A draft by the Land, Infrastructure and Transport Ministry features plans to plant more trees along urban roads, expand subway links and subsidize the installation of pollutant-removal devices on big diesel vehicles, the sources said.

One principal objective of the proposals, they said, is to combat the “heat island” phenomenon in urban centers where the heat in the air is trapped by auto emissions.

The draft also considers tapping auto-related tax revenues to dispose of part of the 3.8 trillion yen in outstanding debts held by the Honshu-Shikoku Bridge Authority. The move is in line with a recommendation by an advisory panel on ways to privatize four road-related public corporations.

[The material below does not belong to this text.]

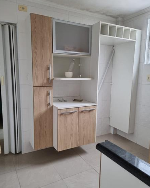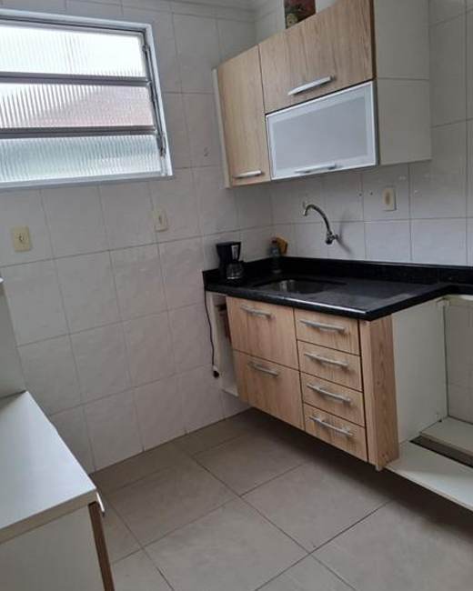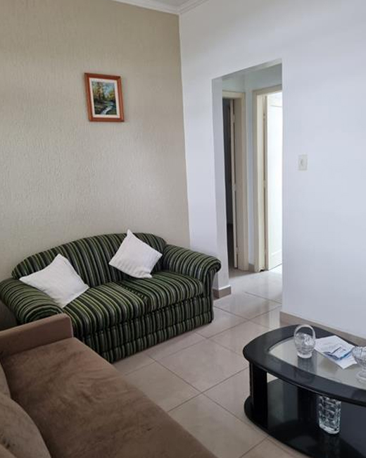 Apartamento com quarto, sala, cozinha, WC e garagem coletiva.

The Honshu-Shikoku Bridge Authority issue is expected to be discussed further by the Council on Economic and Fiscal Policy, a key government panel chaired by Prime Minister Junichiro Koizumi.

The ministry came out with the draft after Koizumi ordered land minister Chikage Ogi to review the use of auto-related tax revenues for purposes other than building roads.

To alleviate traffic congestion, the ministry plan calls for subsidizing the construction of new subway lines instead of building more roads.

To cut air pollution, the plan calls for subsidizing up to 40 percent of the cost for installing diesel particulate filters on large diesel-powered vehicles.

It also features proposals to use the gasoline tax to promote electronic toll collection devices and to help develop environmentally friendly cars.

Koizumi told Ogi in June he wants to use part of the gasoline tax revenues to improve the environment.

The government has annually set aside some 6 trillion yen from gasoline and diesel oil-related taxes and a range of auto-related levies for its five-year road construction program, which entered its fifth year in fiscal 2002.

Of the 6 trillion yen, 2.8 trillion yen comes from the gasoline tax, which is 48.6 yen per liter.